A multistep procedure, employing akaganeite FeO(OH,Cl) as a precursor, was developed for the preparation of rod-like maghemite particles for medical applications. At first, akaganeite rods with length of several hundred nm and width of ~ 85 nm were prepared under hydrothermal conditions and were subsequently coated with mesoporous silica.
Such coating enabled to maintain the shape of rods during the following steps that involved structural transformation of akaganeite to maghemite, i. e. γ-Fe2O3. Then the original protective coating was removed by alkaline leaching, bare maghemite rods were isolated, and their structure and ferrimagnetic order were characterized by X-ray diffraction, TEM inspection, Mössbauer spectroscopy and SQUID magnetometry.
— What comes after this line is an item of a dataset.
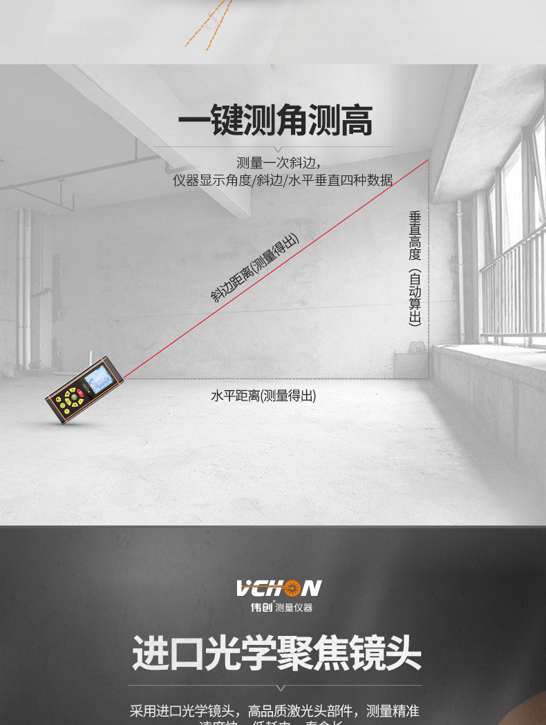 Weichuang 레이저 범위 찾기 고정밀 휴대용 적외선 측정 통치자 거리 측정 방 전자 통치자스토어 가기

The magnetization of the bare maghemite rods, that were formed by elongated clusters of ~10-20 nm crystallites, made 47.0 and 41.7 Am2/kg in magnetic field of 3 T at 5 K and 300 K, respectively. The hysteresis loops of both the bare and coated products at 300 K and ZFC/FC studies showed that the maghemite particles were largely blocked at room temperature in spite of the small size of crystallites.
Finally, the particles were equipped with standard silica coating for biological studies. An evaluation of cytotoxicity of this silica-coated product was performed on two cell lines, namely A549 and MCF-7.
The viability of cells incubated with particles at the concentration of 0.10, 0.21 and 0.42 mmol(Fe)/L was determined after 24 h and 48 h of incubation, and the values normalized to the viability of negative control were generally higher than 95%. Moreover, the real-time monitoring of cell adhesion, proliferation, and cytotoxicity by an xCELLigence system during 72 h of the incubation with particles revealed only some decrease of the cell index for the MCF-7 cells at the high concentration.